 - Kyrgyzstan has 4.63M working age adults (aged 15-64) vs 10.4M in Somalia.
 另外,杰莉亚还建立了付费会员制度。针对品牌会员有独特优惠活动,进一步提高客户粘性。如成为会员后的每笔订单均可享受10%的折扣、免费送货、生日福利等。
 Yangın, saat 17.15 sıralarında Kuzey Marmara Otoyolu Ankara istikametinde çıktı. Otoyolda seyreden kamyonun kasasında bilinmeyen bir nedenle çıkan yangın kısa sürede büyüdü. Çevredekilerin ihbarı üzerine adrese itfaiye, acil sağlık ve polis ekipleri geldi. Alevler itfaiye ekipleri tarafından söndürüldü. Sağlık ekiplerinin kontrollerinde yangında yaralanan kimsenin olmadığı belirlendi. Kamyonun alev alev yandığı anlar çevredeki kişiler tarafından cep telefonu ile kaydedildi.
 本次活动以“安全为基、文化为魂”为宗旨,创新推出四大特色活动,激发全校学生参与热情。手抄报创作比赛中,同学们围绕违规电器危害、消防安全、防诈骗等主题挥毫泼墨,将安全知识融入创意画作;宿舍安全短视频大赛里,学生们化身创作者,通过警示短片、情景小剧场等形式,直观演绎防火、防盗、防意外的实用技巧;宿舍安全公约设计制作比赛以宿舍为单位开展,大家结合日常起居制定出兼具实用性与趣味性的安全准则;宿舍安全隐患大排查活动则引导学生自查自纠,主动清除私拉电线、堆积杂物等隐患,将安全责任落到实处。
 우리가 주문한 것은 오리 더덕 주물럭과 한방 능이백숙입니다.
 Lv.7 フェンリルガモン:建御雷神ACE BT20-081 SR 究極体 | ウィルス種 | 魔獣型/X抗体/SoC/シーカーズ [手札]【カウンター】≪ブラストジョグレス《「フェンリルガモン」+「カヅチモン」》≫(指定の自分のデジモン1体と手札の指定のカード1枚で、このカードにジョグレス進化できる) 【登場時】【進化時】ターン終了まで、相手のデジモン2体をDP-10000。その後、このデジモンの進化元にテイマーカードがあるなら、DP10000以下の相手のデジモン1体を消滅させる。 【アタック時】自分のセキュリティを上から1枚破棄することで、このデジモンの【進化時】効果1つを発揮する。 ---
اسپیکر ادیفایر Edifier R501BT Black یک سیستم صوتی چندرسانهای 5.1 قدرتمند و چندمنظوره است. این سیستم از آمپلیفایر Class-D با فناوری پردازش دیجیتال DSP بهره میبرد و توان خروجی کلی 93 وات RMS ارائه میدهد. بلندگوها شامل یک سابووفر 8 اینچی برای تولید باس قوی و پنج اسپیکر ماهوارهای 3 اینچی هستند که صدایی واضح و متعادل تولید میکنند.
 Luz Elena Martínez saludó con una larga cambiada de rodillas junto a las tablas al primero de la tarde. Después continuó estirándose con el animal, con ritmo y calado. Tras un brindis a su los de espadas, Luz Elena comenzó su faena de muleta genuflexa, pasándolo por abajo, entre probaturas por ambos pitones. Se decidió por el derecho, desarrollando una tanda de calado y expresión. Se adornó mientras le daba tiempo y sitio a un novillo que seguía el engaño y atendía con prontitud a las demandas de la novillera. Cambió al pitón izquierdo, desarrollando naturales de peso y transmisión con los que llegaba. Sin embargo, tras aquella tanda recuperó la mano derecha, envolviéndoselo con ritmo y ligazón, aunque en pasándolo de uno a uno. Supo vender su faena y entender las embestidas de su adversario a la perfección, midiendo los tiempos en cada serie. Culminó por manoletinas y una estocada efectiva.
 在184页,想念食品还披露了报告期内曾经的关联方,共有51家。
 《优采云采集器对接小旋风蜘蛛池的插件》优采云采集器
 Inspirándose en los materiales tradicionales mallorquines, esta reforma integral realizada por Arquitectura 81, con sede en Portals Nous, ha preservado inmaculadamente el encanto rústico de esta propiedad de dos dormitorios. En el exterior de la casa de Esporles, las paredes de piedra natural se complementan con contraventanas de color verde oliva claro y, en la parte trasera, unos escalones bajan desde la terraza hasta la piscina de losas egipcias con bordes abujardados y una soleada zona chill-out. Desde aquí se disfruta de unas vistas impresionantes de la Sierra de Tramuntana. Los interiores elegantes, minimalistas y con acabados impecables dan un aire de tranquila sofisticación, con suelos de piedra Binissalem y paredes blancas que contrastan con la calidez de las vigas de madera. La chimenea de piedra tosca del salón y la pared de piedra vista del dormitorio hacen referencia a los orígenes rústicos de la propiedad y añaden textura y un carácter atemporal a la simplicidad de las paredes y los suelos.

• **INSTRUCTIONS TO FOLLOW**
Retype exactly the span of lines from the one with "另外,杰莉亚还建立了付费会员" through the one with "Yangın, saat 17.15"; include both ends and omit the rest of the material.

• **ANSWER TO THE EXERCISE**
 另外,杰莉亚还建立了付费会员制度。针对品牌会员有独特优惠活动,进一步提高客户粘性。如成为会员后的每笔订单均可享受10%的折扣、免费送货、生日福利等。
 Yangın, saat 17.15 sıralarında Kuzey Marmara Otoyolu Ankara istikametinde çıktı. Otoyolda seyreden kamyonun kasasında bilinmeyen bir nedenle çıkan yangın kısa sürede büyüdü. Çevredekilerin ihbarı üzerine adrese itfaiye, acil sağlık ve polis ekipleri geldi. Alevler itfaiye ekipleri tarafından söndürüldü. Sağlık ekiplerinin kontrollerinde yangında yaralanan kimsenin olmadığı belirlendi. Kamyonun alev alev yandığı anlar çevredeki kişiler tarafından cep telefonu ile kaydedildi.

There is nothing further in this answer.